Created attachment 1618338 [details] build log at loglevel 8
FYI ... things may also be further complicated but what old fsouza provides wrt auth config: https://github.com/openshift/builder/blob/master/vendor/github.com/fsouza/go-dockerclient/auth.go#L25-L30 Seems to be only username/password. Doesn't seem like it handles token based pull secrets like the one Wenjing provided: "ec2-18-221-93-104.us-east-2.compute.amazonaws.com:5000": { "auth": "ZHVtbXk6ZHVtbXk=" },
OK according to https://stackoverflow.com/questions/43441454/docker-login-auth-token "auth" is base64 encoded username:password And I know see that when I base64 -d the value "ZHVtbXk6ZHVtbXk=" that said, I do not believe the json serialization with the current fsouza struct will work
What is the precise type (`SecretType…`) of the secret? (Or what kind of object it is at what point in the API?) The above looks like a reasonably accurate _partial fragment_ of https://github.com/projectatomic/docker/blob/f9f056ec099cc3849d15e36f08fec50130c20073/cliconfig/configfile/file.go#L24 , with the base64 encoding that is used in ~/.docker/config.json-formatted files. (I can’t see it in the log file, so I can’t tell whether that is what it is supposed to look like, or whether it is malformed.) (Also, note that fsouza/go-dockerclient is really only relevant for Docker daemon connections, it’s not used at all for c/image and c/buildah ; if you see that as the place where data is lost, either the code is reusing the fsouza/go-dockerclient for not-strictly-related purposes, or something is very misconfigured to use Docker instead of CRI-O/buildah.)

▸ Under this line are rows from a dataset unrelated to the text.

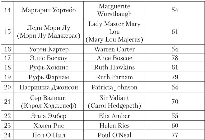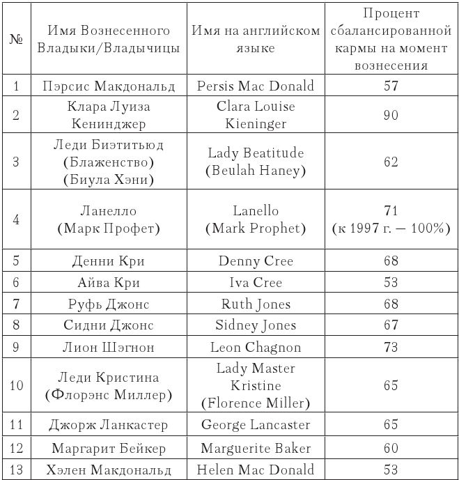 Вознесенные Владыки, совершившие вознесение, служившие в Общине Саммит Лайтхауза.Таблица 7
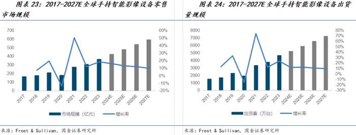 2010年,GoPro Hero HD 摄像机问世,实现用极小的机身完成1080P视频拍摄,运动相机开始受到广泛关注和规模化生产;2014年,大疆推出第一代消费级航拍无人机 Phantom 2 Vision,消费级航拍无人机逐渐形成规模;2013年,日本理光推出了第一款全景相机; 2017年开始,Insta360 影石、三星、尼康等多个品牌纷纷推出全景相机,推动全景相机市场快速发展。全球手持智能影像设备市场规模由2017年的164.3亿元增长到2023年364.7亿元,复合年增长率达到14.3%。
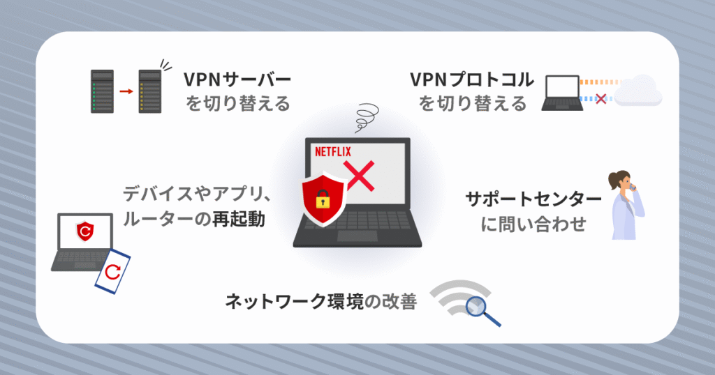 ここでは、VPN経由で海外から日本のテレビを見られない場合の対処法について解説します。

my concern about auth getting lost in populating the fsouza struct is a red herring, with respect to the situation here. And to clarify, the use of the fsouza structs are just an ecapsulating mechanism for propagating the data through the code until the calls to set up containers/image. I was able to confirm via unit tests that the keyring stuff manages to take the data from "auth" and populate username and password i.e. https://stackoverflow.com/questions/43441454/docker-login-auth-token
Just did some booking keeping ... I had to craft https://github.com/containers/image/pull/722 so that c/image could properly handle openshift build pull secrets (where they leveraged the legacy format via .dockercfg files and the like). I linked it to this bug directly, since I assumed the openshift bugzilla bot would not work for https://github.com/containers https://github.com/openshift/builder/pull/102 is showing green with the e2e's and we are in the process of final review
OK the last of the changes needed to allow for authentication against a mirrored registry when performing builds has merge As this moves back to QE, a quick recap on the many things to reconcile when trying this again: 1) The input image reference in you builds must be by sha/digest, and that image needs to be mirrored 2) the output from the mirror command should given you the info needed to create an ImageContentSourcePolicy; that will be needed so the build controller can construct a proper registries.conf for containers/image and buildah 3) any certs needed to communicate with the mirrored registry need to be added either via a) the new global ca support introduced in 4.2, or b) via an explicit CA secret supplied on the build / build config 4) any authentication needed to communicate with the mirrored registry needs to be added as a pull secret to the build /build config If you run into an problems, running the build with loglevel 8 (i.e. set the BUILD_LOGLEVEL env var on the build config) should be gathered. With that, we should get both openshift build and containers/image/buildah debug info to see where things are breaking down.
Created attachment 1640587 [details] Build log with log level 8
According to your repro steps @Wenjing you only linked your secrete to the default SA: $oc secrets link default pullsecret --for=pull you need to link it to the builder SA in order for it to get picked up. Please retry, but where you link to the builder SA as well, and we'll go from there.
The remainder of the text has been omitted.